**What the task requires:** From the data below, return only the lines from the one with "Our vanity boasts" through the one with "本公演では、『可憐なアイボリ", exact and inclusive, with pictures left out.

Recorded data
Content starts
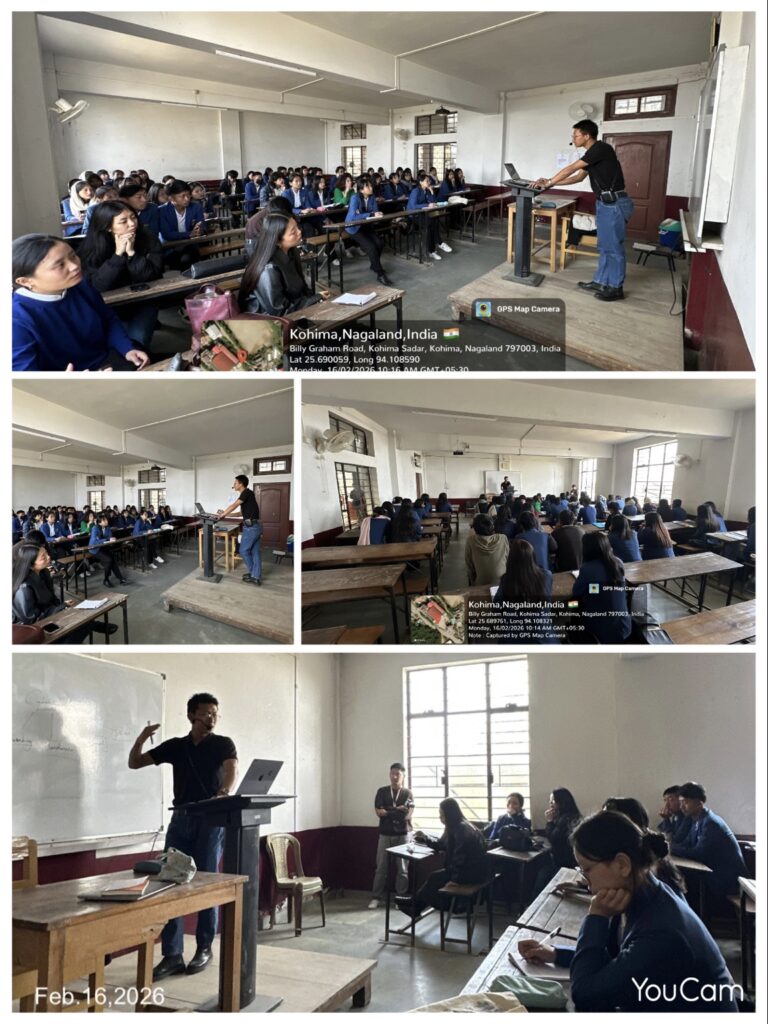 A team of MMB cyber crime school were invited to engage with the English second semester VAC ” Media and Advertising”. The resource person Mr.Pangerkumzuk Longkumer,Advisor to MMB Cyber school & Director NEXUSSCIPHERGUARD India gave a talk on the topic “Social media and Cyber crime awareness”. The class was interactive and covered topics such as social media employment opportunities,the challenges posed by cyber media and risk mitigation techniques,and how to use social media in a safe and ethical manner. Altogether one hundred students were present at the lecture.
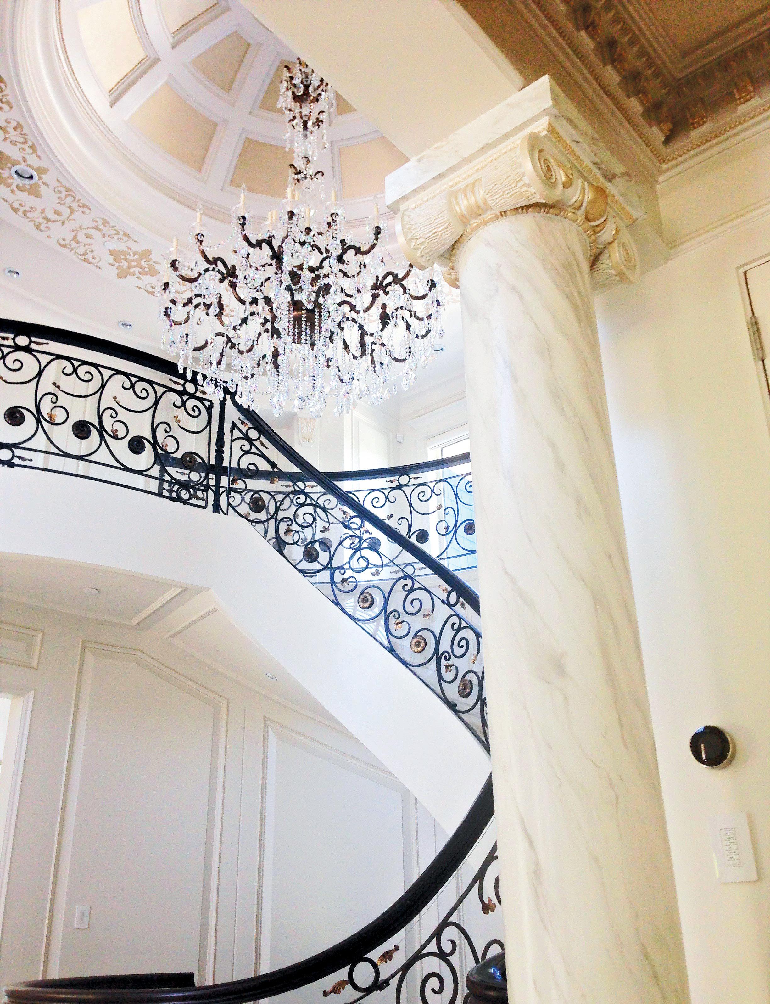 Diana Rose is the principal and creative director for Diana Rose Design. Nationally published, she is known for creating tailored interiors that enhance and complement your lifestyle. Servicing Toronto, the GTA, and Muskoka dianarose.design IG: @dianarosedesignThe grandeur of this entryway, located in Shaughnessy, Vancouver, was taken to another level with the addition of faux marble pillars, champagne gold ‘tipping’ on details, faux-finished ceilings and a custom ceiling design. The process of the work was a natural progression of seeing what a space needed next.
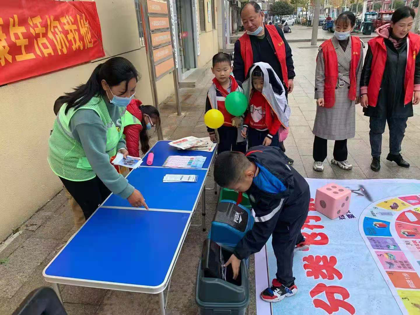 活动中,志愿者利用宣传彩页向未成年人宣传垃圾分类相关知识,设置垃圾分类箱等载体引导未成年人对垃圾分类进行场景演练,“蓝色代表可回收垃圾箱,红色代表有害垃圾回收箱,绿色代表餐厨垃圾回收箱,黑色代表其他垃圾回收箱,我们大家一起来……’”已经从事生态环境保护志愿者工作6年的胡贝一边熟练从容地讲授,一边指导如何正确投放垃圾。
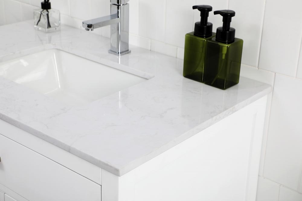 Our vanity boasts a 0.7-inch thick engineered marble top, adding a touch of modern elegance to your bathroom decor. This durable and luxurious surface exudes style while providing a sturdy foundation for your daily routines.
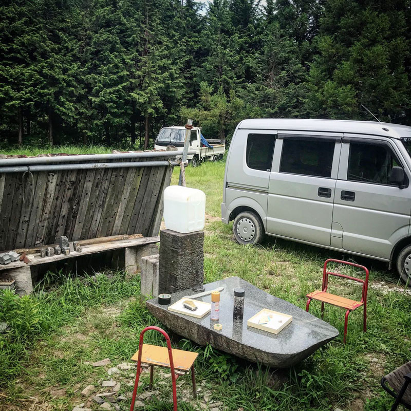 個展の際に芳名帳の前に置くメッセージ・ストーンプレートを
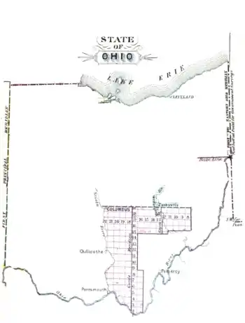 The first north-south line, Eastern Ohio Meridian, was to be the western boundary of Pennsylvania, sometimes called Ellicott‘s Line[2] after Andrew Ellicott, who had been in charge of surveying it, and the first east-west line (called the Geographer’s Line or Base Line) was to begin where the Pennsylvania boundary touched the north bank of the Ohio River, the Beginning Point of the U.S. Public Land Survey40°38′33″N 80°31′10″W. The Geographer’s Line was to extend westward through “the whole territory” which at that time was meant to include lands lying between the Ohio River and Lake Erie.
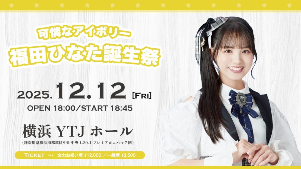 本公演では、『可憐なアイボリー福田ひなた 誕生祭2025』グッズおよび特典会参加券を販売致します。
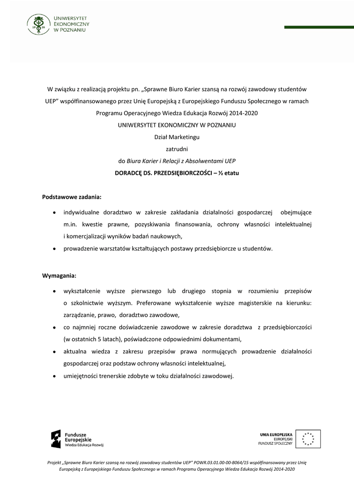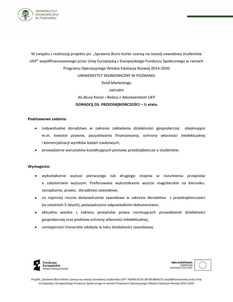 W związku z realizacją projektu pn. „Sprawne Biuro Karier szansą na rozwój zawodowy studentów UEP” współfinansowanego przez Unię Europejską z Europejskiego Funduszu Społecznego w ramach Programu Operacyjnego Wiedza Edukacja Rozwój 2014-2020 UNIWERSYTET EKONOMICZNY W POZNANIU Dział Marketingu zatrudni do Biura Karier i Relacji z Absolwentami UEP DORADCĘ DS. PRZEDSIĘBIORCZOŚCI – ½ etatu Podstawowe zadania: indywidualne doradztwo w zakresie zakładania działalności gospodarczej obejmujące m.in. kwestie prawne, pozyskiwania finansowania, ochrony własności intelektualnej i komercjalizacji wyników badań naukowych, prowadzenie warsztatów kształtujących postawy przedsiębiorcze u studentów. Wymagania: wykształcenie wyższe pierwszego lub drugiego stopnia w rozumieniu przepisów o szkolnictwie wyższym. Preferowane wykształcenie wyższe magisterskie na kierunku: zarządzanie, prawo, doradztwo zawodowe, co najmniej roczne doświadczenie zawodowe w zakresie doradztwa z przedsiębiorczości (w ostatnich 5 latach), poświadczone odpowiednimi dokumentami, aktualna wiedza z zakresu przepisów prawa normujących prowadzenie działalności gospodarczej oraz podstaw ochrony własności intelektualnej, umiejętności trenerskie zdobyte w toku działalności zawodowej. Projekt „Sprawne Biuro Karier szansą na rozwój zawodowy studentów UEP” POWR.03.01.00-00-B064/15 współfinansowany przez Unię Europejską z Europejskiego Funduszu Społecznego w ramach Programu Operacyjnego Wiedza Edukacja Rozwój 2014-2020 Oferujemy: zatrudnienie na umowę o pracę w wymiarze ½ czasu pracy, stabilne warunki zatrudnienia w renomowanej uczelni, pracę w profesjonalnym, doświadczonym zespole. Oferty powinny zawierać: CV wraz z listem motywacyjnym, kopie dokumentów potwierdzających kwalifikacje, kserokopie świadectw pracy i referencji, zgodę na przetwarzanie danych osobowych zgodnie z ustawą z dnia 29 sierpnia 1997 roku o ochronie danych osobowych (t.j. Dz. U. z 2014 roku, poz. 1182 ze zm.) Oferty należy przesłać w zamkniętych kopertach z dopiskiem: „REKRUTACJA – DORADCA DS. PRZEDSIĘBIORCZOŚCI – DO: DZIAŁ MARKETINGU BIURO KARIER I RELACJI Z ABSOLWENTAMI UEP” na adres: Uniwersytet Ekonomiczny w Poznaniu Dział Marketingu (Budynek A, p. 234a) al. Niepodległości 10, 61-875 Poznań albo przesłać na adres e-mail: [email protected] Termin składania ofert upływa 16.08.2016 roku. Uniwersytet Ekonomiczny w Poznaniu zastrzega sobie prawo przeprowadzenia rozmów kwalifikacyjnych z wybranymi kandydatami. Wynagrodzenie współfinansowane przez Unię Europejską z Europejskiego Funduszu Społecznego w ramach Programu Operacyjnego Wiedza Edukacja Rozwój 2014-2020 Projekt „Sprawne Biuro Karier szansą na rozwój zawodowy studentów UEP” POWR.03.01.00-00-B064/15 współfinansowany przez Unię Europejską z Europejskiego Funduszu Społecznego w ramach Programu Operacyjnego Wiedza Edukacja Rozwój 2014-2020
Content ends
**Answer to the problem:**
 Our vanity boasts a 0.7-inch thick engineered marble top, adding a touch of modern elegance to your bathroom decor. This durable and luxurious surface exudes style while providing a sturdy foundation for your daily routines.
 個展の際に芳名帳の前に置くメッセージ・ストーンプレートを
 The first north-south line, Eastern Ohio Meridian, was to be the western boundary of Pennsylvania, sometimes called Ellicott‘s Line[2] after Andrew Ellicott, who had been in charge of surveying it, and the first east-west line (called the Geographer’s Line or Base Line) was to begin where the Pennsylvania boundary touched the north bank of the Ohio River, the Beginning Point of the U.S. Public Land Survey40°38′33″N 80°31′10″W. The Geographer’s Line was to extend westward through “the whole territory” which at that time was meant to include lands lying between the Ohio River and Lake Erie.
 本公演では、『可憐なアイボリー福田ひなた 誕生祭2025』グッズおよび特典会参加券を販売致します。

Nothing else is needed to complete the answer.